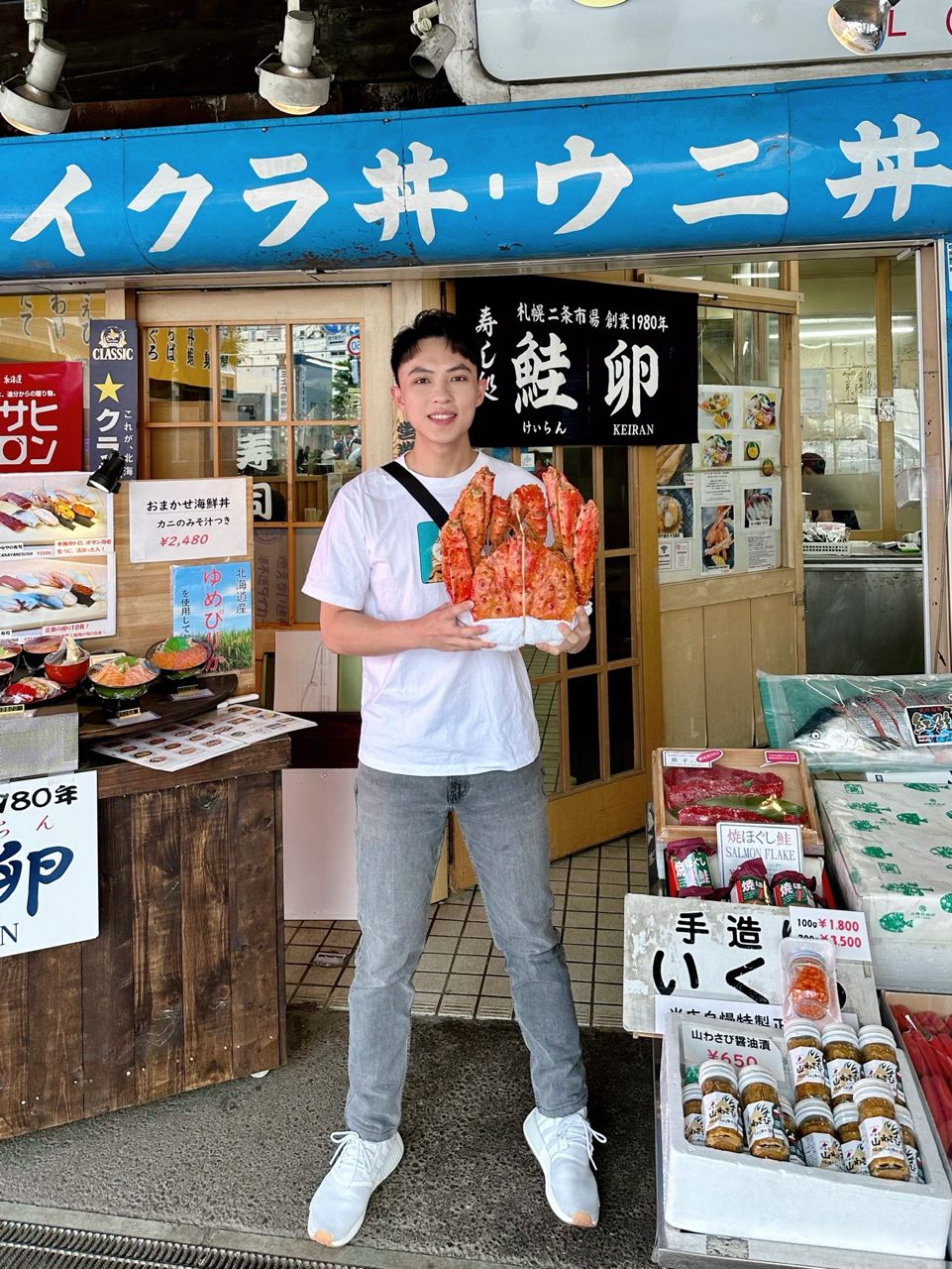當然還有跟天氣一樣熱情的海道民眾們,例如二条市場海鮮店的老闆主動幫拍偽宣傳照(?
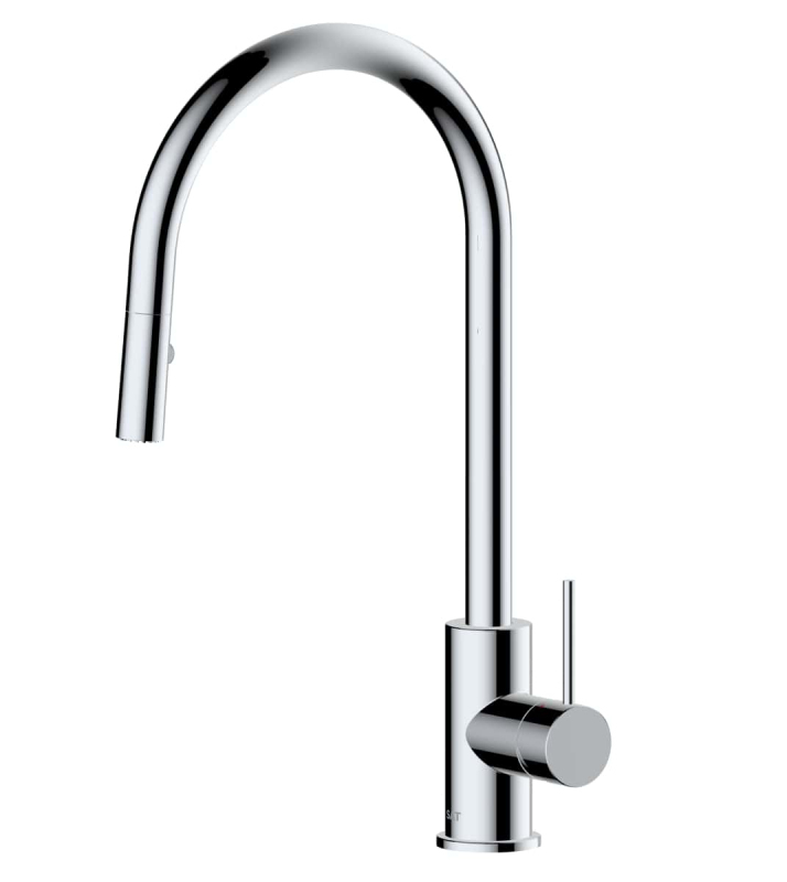 Páková stojanková drezová batéria s vyťahovacou sprškou, 2 prúdy. V okrúhlom dizajne v chrómovom prevedení. Výška batérie je 44 cm. Ramienko je vo výške 23,5 cm. Vo farebnom prevedení lesk
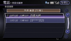 発信/着信切り替えを選ぶと、発信履歴 → 着信履歴 → 不在着信履歴に切り替わります。
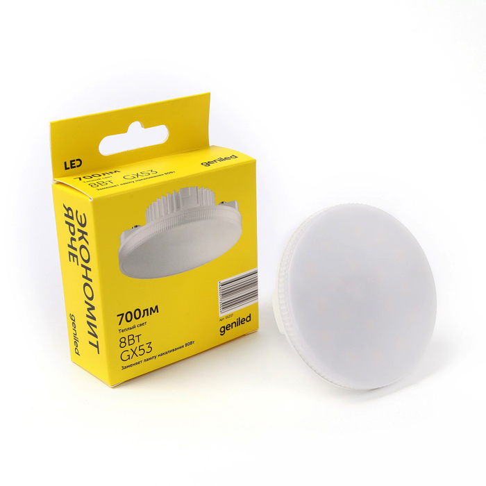 Лампа светодиодная Geniled, GX53, 8 Вт, 2700 К, теплый белый
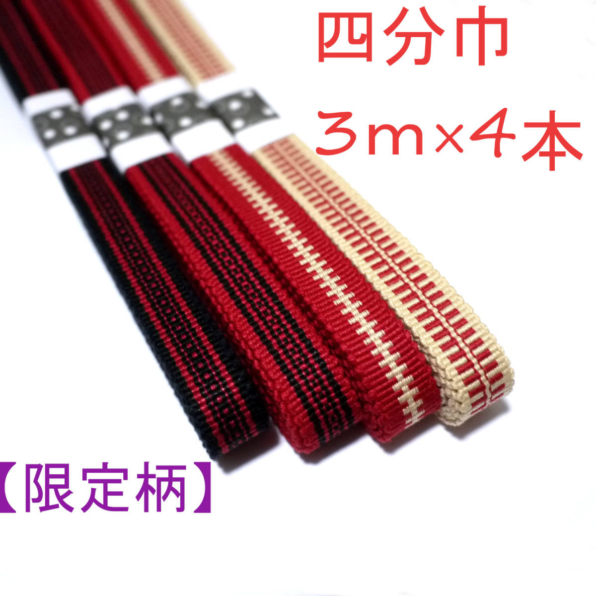 > 【限定柄】四分巾 四分紐 3m×4本セット 国内産 木綿真田紐 綿100% 赤・黒Samurai ribbon(Sanadahimo)
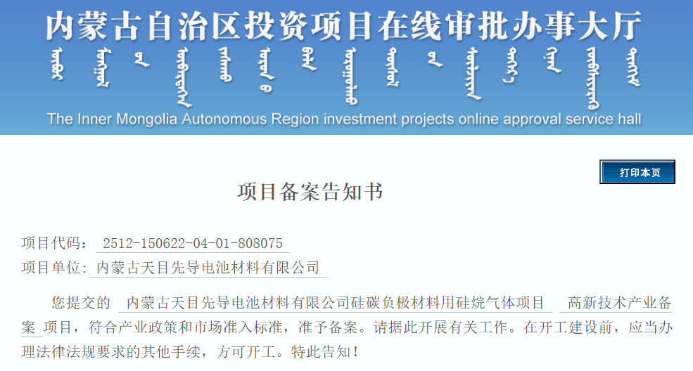 12月30日,内蒙古自治区投资项目在线审批办事大厅发布,内蒙古天目先导电池材料有限公司硅碳负极材料用硅烷气体项目备案审批公示。
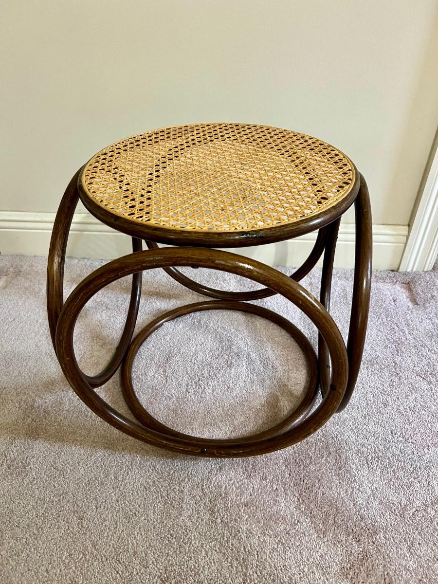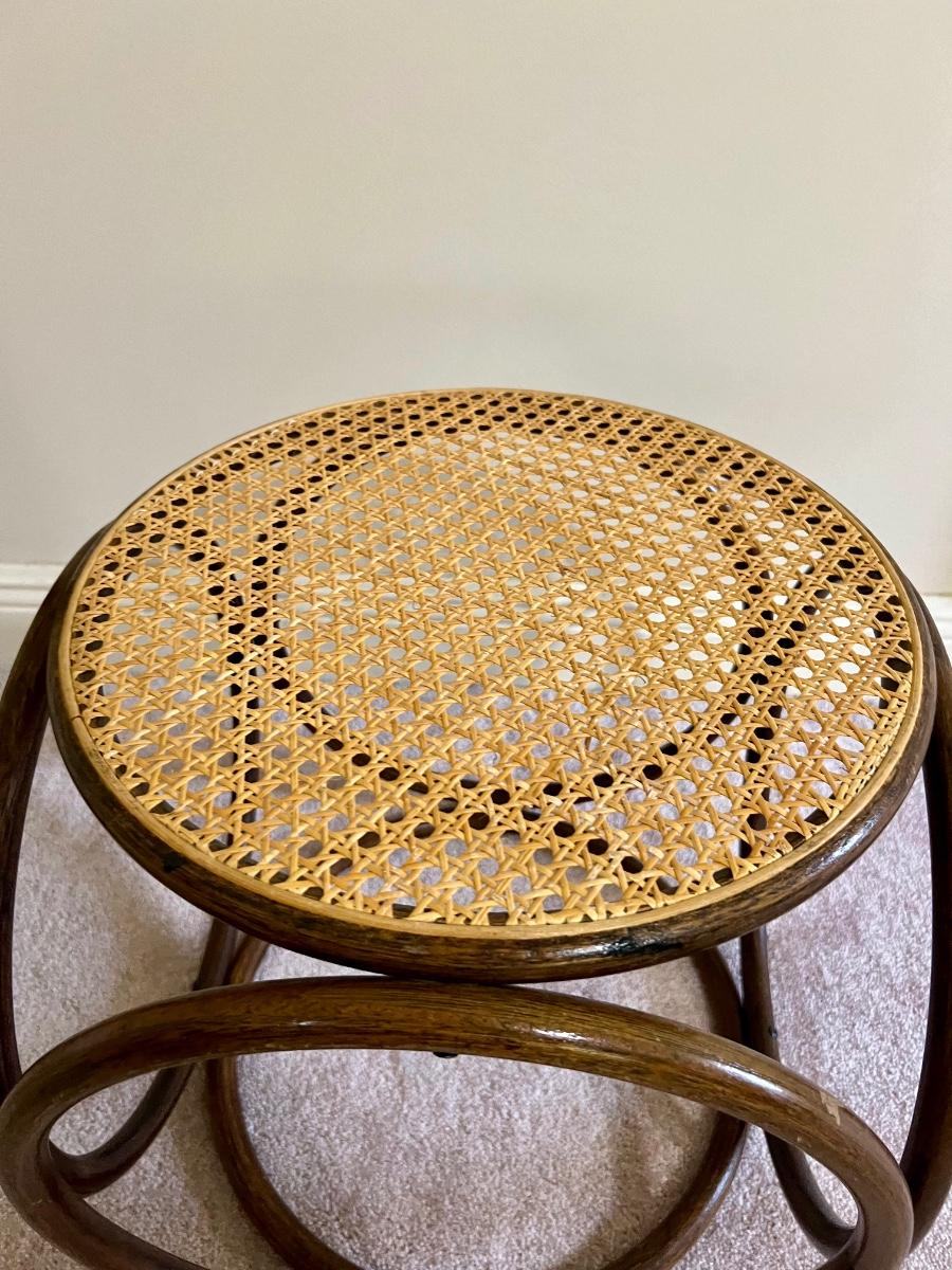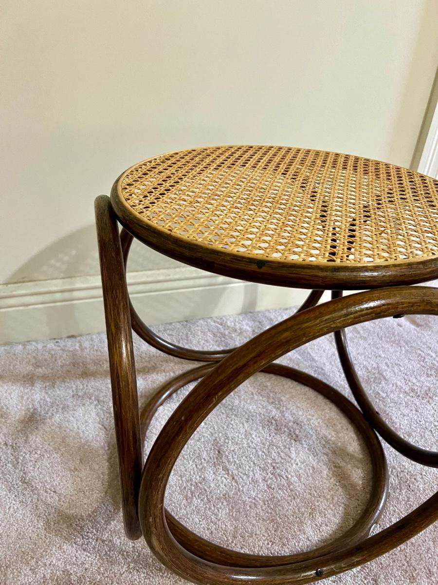 Vintage 1960s Bentwood and Cane Stool Ottoman
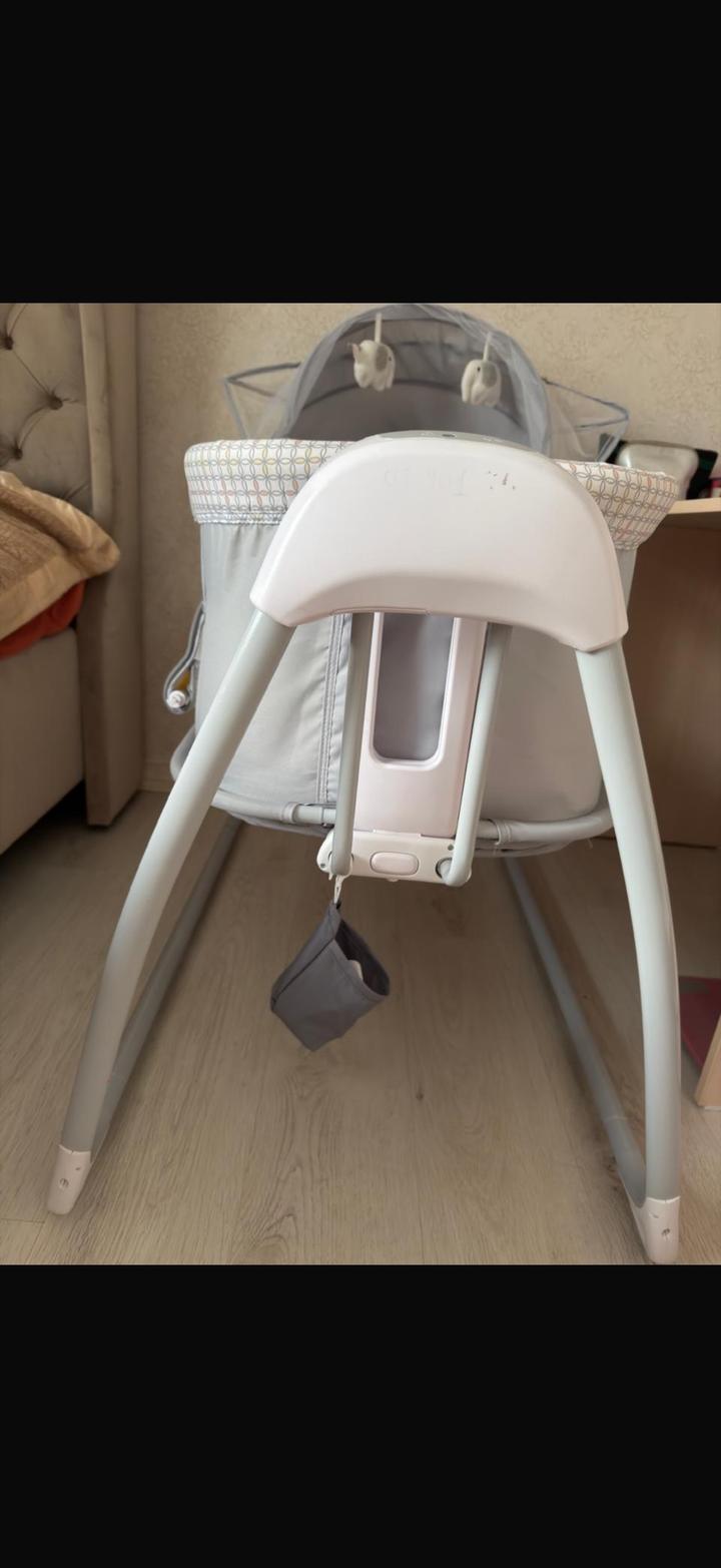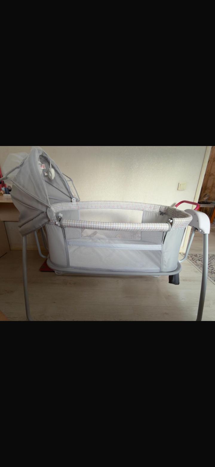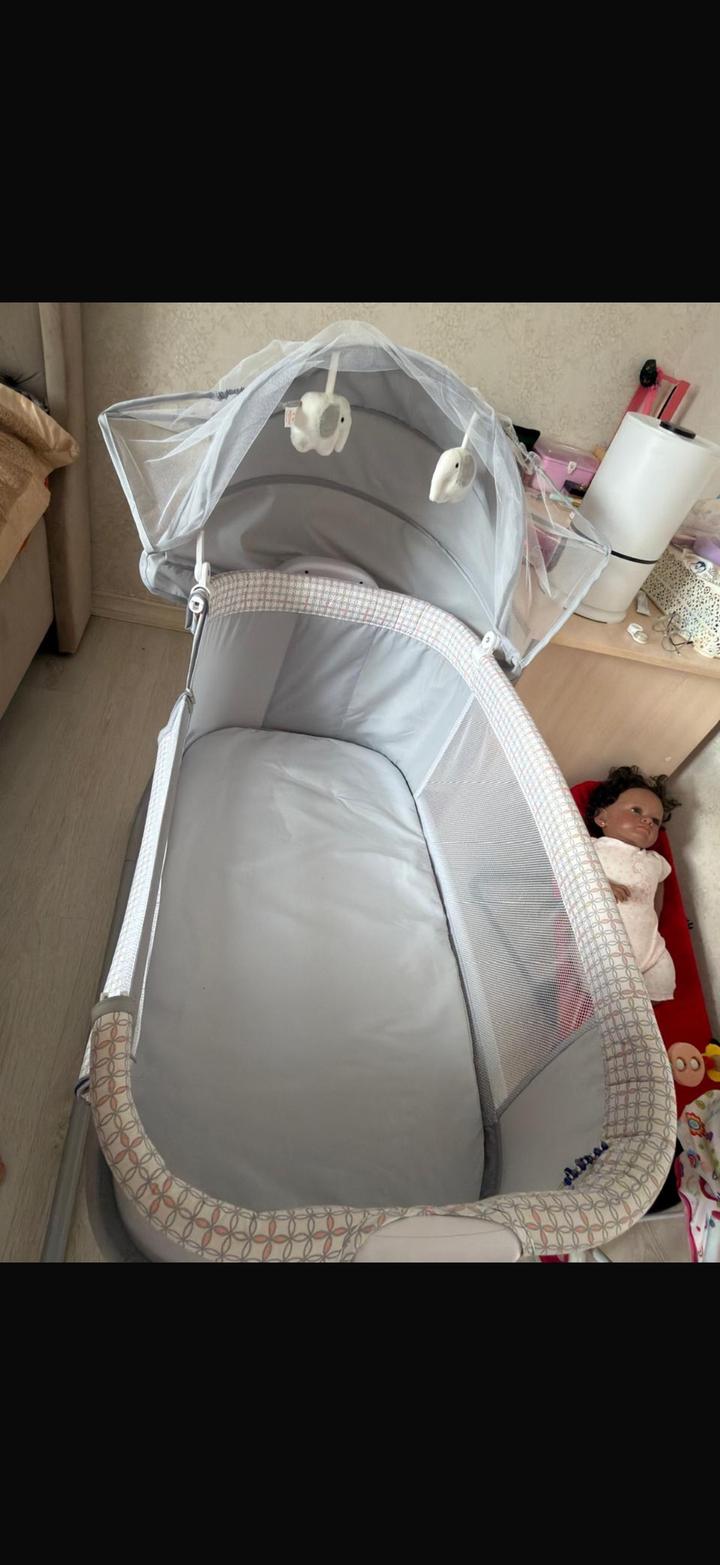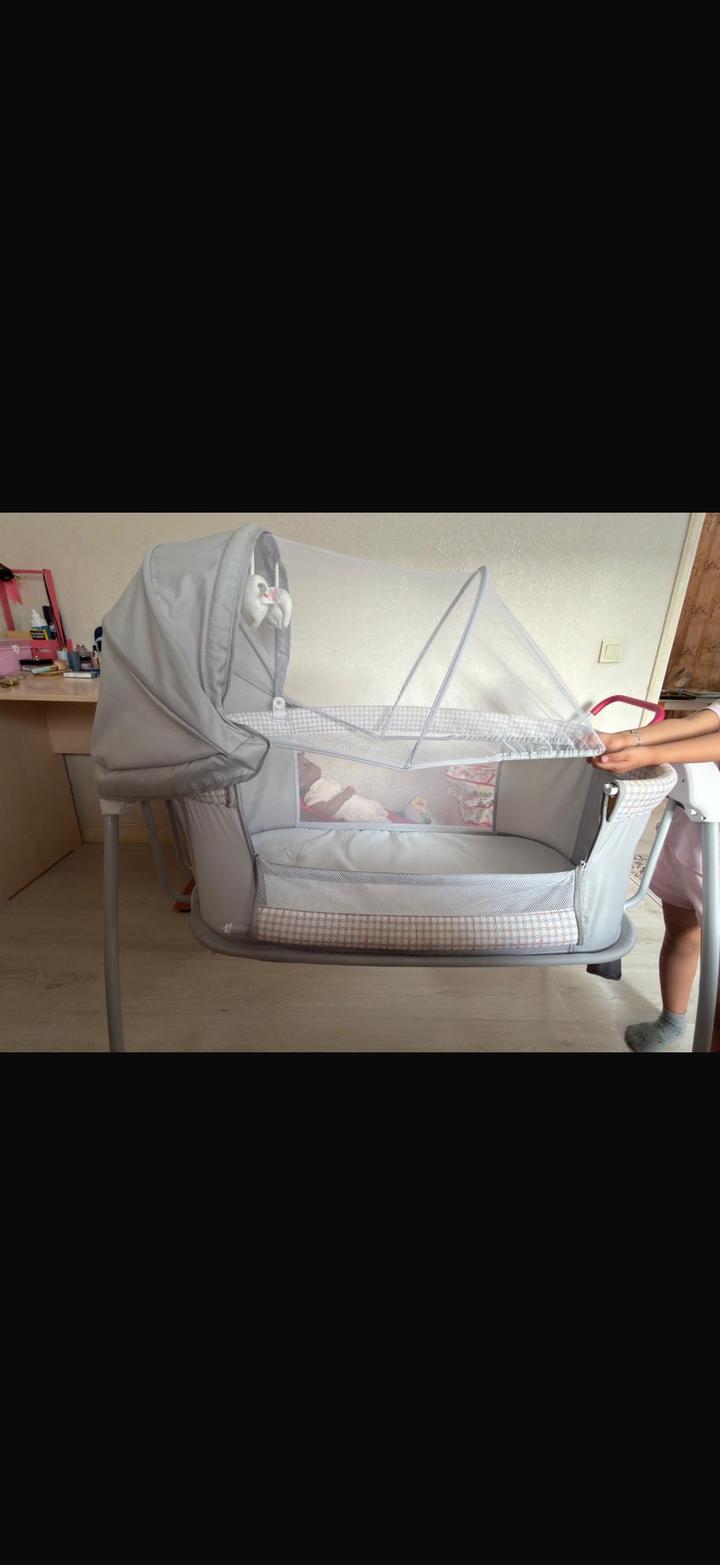 Детская люлька Манежка. Малышка спала до 40 дней,дальше к сожалению она нам не пригодилась. Имеется пульт работает функция качания ,есть песни колыбельные ,подсветка. Регулируется высота Артикул: 596788

### What to work on
Repeat the records above exactly. No pictures go into the repeat.

### Exercise output
當然還有跟天氣一樣熱情的海道民眾們,例如二条市場海鮮店的老闆主動幫拍偽宣傳照(?
 Páková stojanková drezová batéria s vyťahovacou sprškou, 2 prúdy. V okrúhlom dizajne v chrómovom prevedení. Výška batérie je 44 cm. Ramienko je vo výške 23,5 cm. Vo farebnom prevedení lesk
 発信/着信切り替えを選ぶと、発信履歴 → 着信履歴 → 不在着信履歴に切り替わります。
 Лампа светодиодная Geniled, GX53, 8 Вт, 2700 К, теплый белый
 > 【限定柄】四分巾 四分紐 3m×4本セット 国内産 木綿真田紐 綿100% 赤・黒Samurai ribbon(Sanadahimo)
 12月30日,内蒙古自治区投资项目在线审批办事大厅发布,内蒙古天目先导电池材料有限公司硅碳负极材料用硅烷气体项目备案审批公示。
 Vintage 1960s Bentwood and Cane Stool Ottoman
 Детская люлька Манежка. Малышка спала до 40 дней,дальше к сожалению она нам не пригодилась. Имеется пульт работает функция качания ,есть песни колыбельные ,подсветка. Регулируется высота Артикул: 596788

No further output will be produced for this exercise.